Filter chemical libraries
The second program is aimed at filtering chemical libraries via the functional group filters from the ChEMBL database, and some property filters from the RDKit, which act as structural alerts to identify potentially problematic molecules at an early stage.
Predict aqueous solubility from molecular structure
The last program is an implementation of Delaney’s ESOL method to predict aqueous solubility from molecular structure. When discussing the results, Pat showed a chart comparing the r2 obtained by his ESOL implementation to those obtained through RF, DNN and Graph Convolution methods.
While apparently ESOL gets a higher r2, the difference is not statistically significant, because of the confidence intervals associated to the number of data points (Figure 3). This is a point that Pat has already stressed in his blog post Predicting Aqueous Solubility – It’s Harder Than It Looks, and certainly worth keeping in mind.
Figure 3. The light blue area shows the 95% confidence interval for r2 depending on the number of data points.

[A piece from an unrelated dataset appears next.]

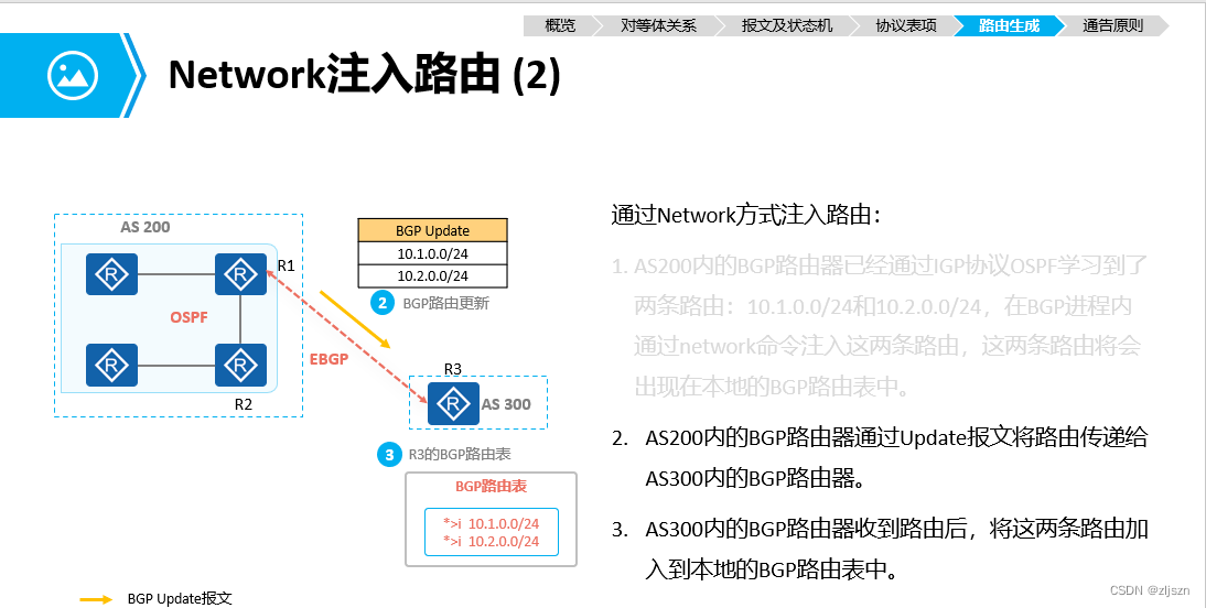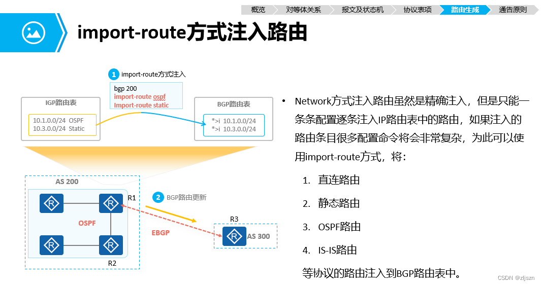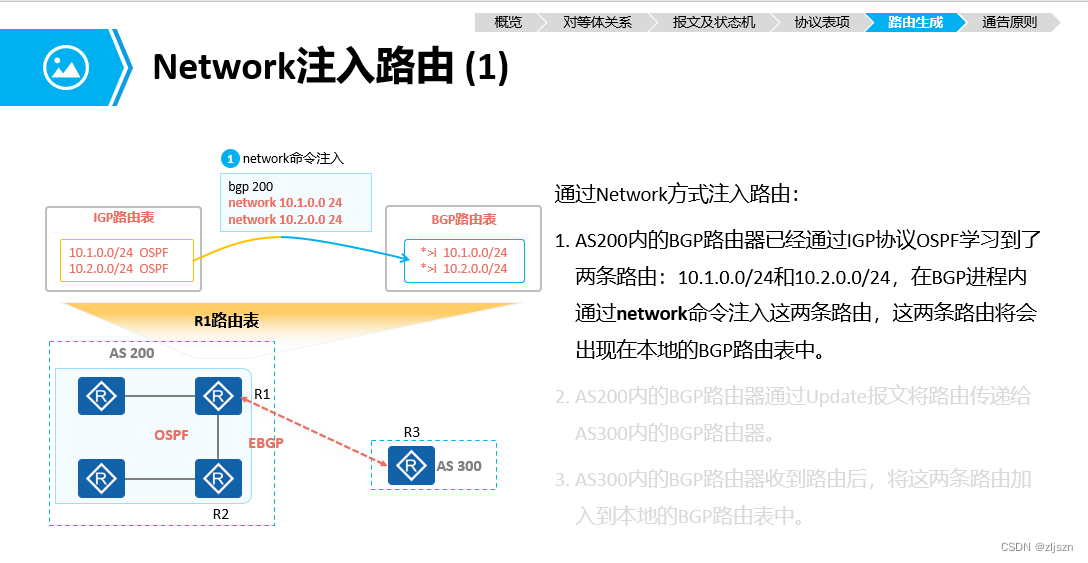 与IGP不同,BGP在建造邻居后不会提供路线。 需要人工注射:第一种方法是网络工作。

RDKit in the modern biotech
Ben Tehan and Rob Smith (Heptares) presented an overview of how the RDKit is used at Heptares. In an effort to harmonize and simplify their cheminformatics infrastructure, Heptares adopted the RDKit as their standard platform in 2013. I was pleased to learn that in their hands the performance of my Open3DALIGN alignment algorithm (which indeed was my first contribution to the RDKit, back in 2013) coupled with shape-based scoring was not too far from ROCS (EF1% ~10 using CrippenO3A descriptors compared to ~15 enrichment with ROCS). So I gave myself a pat on the back and carried on.
Deceptively simple: How some cheminformatics problems can be more complicated than they appear
For those who have never been to an RDKit UGM, I’ll do a small preamble. Traditionally, Roger Sayle (NextMove) gives a talk where he picks some RDKit algorithm, pinpoints how poorly coded it is in its current implementation, and how it could be written much better. This is usually quite enjoyable (Greg might have a different opinion), particularly because the talk is always accompanied by a GitHub pull request by Roger with the improved code, to the benefit of the community.
This year the focus was a bit different: rather than tearing some RDKit bit into pieces, Roger decided to show the potential performance pitfalls behind apparently simple common (chem)informatics tasks, such as counting text lines in a file or computing molecular weight, to finish by spotting out a claim in a scientific paper based on a wrong percentage calculation. While very interesting as usual, I thought that the arguments in favor of low-level programming to speed up certain tasks were not entirely convincing, as they were not supported by timings showing that the extent of the gain actually balances the losses in terms of effort and portability.
Once again, this was a thoroughly enjoyable meeting. If you’re interested in finding out more, see the materials from the RDKit UGM 2018.